Как началась его связь с Принцессой? В гроссбухе про это ни слова. Стал я про их первую встречу соображать и, естественно, вспомнил свою первую встречу с Алиной.
Было это в начале семидесятых. Пришел ко мне давний знакомый, малорослый, большеголовый и чернобородый оператор газовой котельной, он же – жестокий фотограф – Самуэль Марков. Кличка – Сэм. Мотивы его фоторабот были сходны с моими. Не нравилась нам окружающая советская действительность. Только Сэм относился к ней с яростным отвращением, а я печалился. Фотографии Сэма были жесткими, грубыми, а мои – лирическими.

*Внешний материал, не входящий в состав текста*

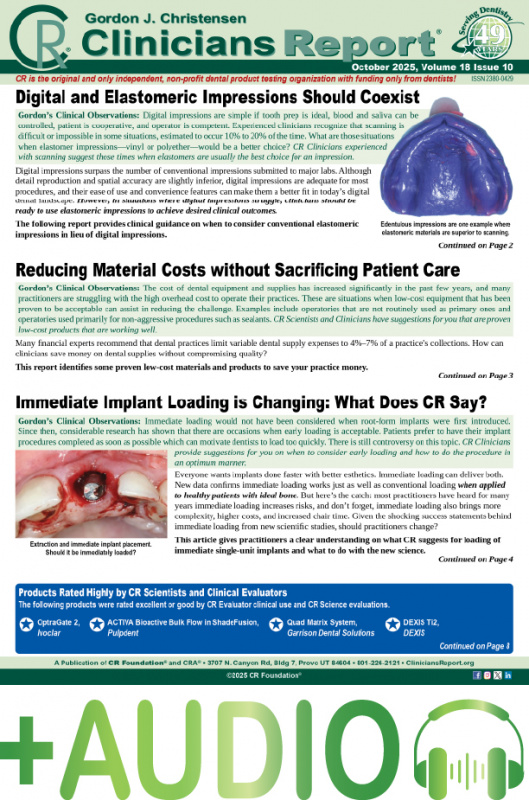 This report provides clinical guidance on when to consider conventional elastomeric impressions in lieu of digital impressions.

– Здрасте, товарищ пионервожатый, – сказал Сэм своим хрипатым надтреснутым баском, имея в виду мою службу в Доме пионеров. Над ней все газовые котельщики легонько издевались. – Хочу показать вам новые картинки.
И он стал раскладывать на полу, столе и стульях свои фотографии. На них представал мрачный, убогий и сумасшедший город, город Достоевского. Иногда попадались портреты. Люди смотрели прямо в камеру, смотрели пристально, словно не в объектив, а в глаза то ли святому Петру, то ли следователю КГБ, который задал самый главный вопрос, и от правильного ответа на него зависит, рай или ад, свобода или тюрьма, и вот они мучительно соображают, что же такое нужно сказать, чтобы все обошлось благополучно. Сэм снимал широкоугольным объективом с довольно близкого расстояния, отчего нос, губы, подбородок портретируемых становились чуть крупнее, чем в реальности у модели. Это добавляло лицам скульптурную выразительность и значительность. При этом во всех персонажах Сэма просвечивало нечто шизофреническое.
Показал и я свои последние работы. И тут Сэм предложил мне устроить совместную фотовыставку в каком-то окраинном Доме культуры. Очень я удивился. Знал, что ни его фотографии, ни мои не пройдут партийную цензуру. Какая же выставка в казенном месте?
– Всё будет тип-топ, этот Дом физикам принадлежит, – сказал Сэм. – Там директор свой парень, молодой. Сайгонавт.
Я в «Сайгон» заходил редко, и тамошних завсегдатаев, кроме двух-трех персонажей, не знал.
Мы отобрали сорок фотографий. Рам у нас не было, купили рулон грязно-желтой оберточной бумаги, крафта, растянули его горизонтальной полосой на стене в фойе Дома культуры, а фотографии прикололи на крафт булавками. Будничный крафт создал гармоничный, воистину советский фон для наших черно-белых работ. Запахло немытой коммунальной квартирой. Названий у наших фотографий не было, называть фотографии казалось нам дурным тоном.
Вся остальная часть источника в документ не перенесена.